More than two dozen malicious cryptocurrency applications have been discovered on Apple’s App Store, posing as legitimate wallet services to steal sensitive user data, according to cybersecurity researchers at Kaspersky.
The campaign, referred to as “FakeWallet,” has reportedly been active since at least late 2025 and is designed to extract critical information such as recovery phrases and private keys—allowing attackers to gain full control over users’ crypto assets.
Researchers identified at least 26 fraudulent apps that closely imitate well-known cryptocurrency wallets, including services like Coinbase, MetaMask, Ledger, Trust Wallet, and others. These apps use techniques such as typosquatting—slight variations in names and branding—to deceive users into believing they are downloading legitimate applications.

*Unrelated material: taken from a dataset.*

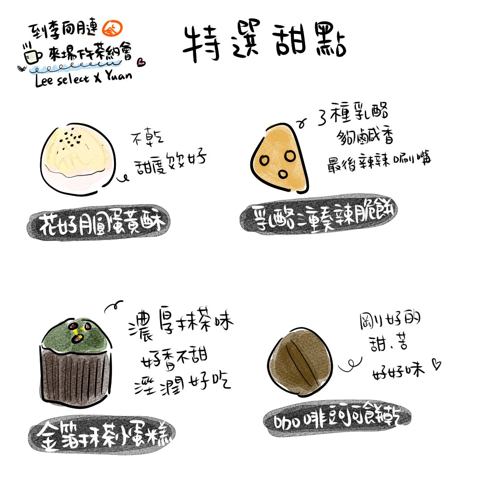 特選甜點-花好月圓蛋黃酥/金箔抹茶小蛋糕/乳酪三重奏辣脆餅/咖啡豆可可餅乾

In some cases, the apps did not directly appear as crypto wallets but instead displayed prompts or banners encouraging users to install them to access “official” wallet services that were unavailable in certain regions. This approach was particularly effective in markets like China, where restrictions on some crypto apps have created opportunities for impersonation attacks.
Further analysis revealed that some of these applications were linked to phishing infrastructure, including fake websites mimicking official wallet providers. These sites were used to distribute malicious versions of apps or redirect users to credential-harvesting pages.
Kaspersky also noted that several related apps identified in the campaign did not yet display malicious behavior, suggesting that harmful features could be activated later through updates. “It’s highly likely that the malicious features were simply waiting to be toggled on in a future update,” the researchers stated.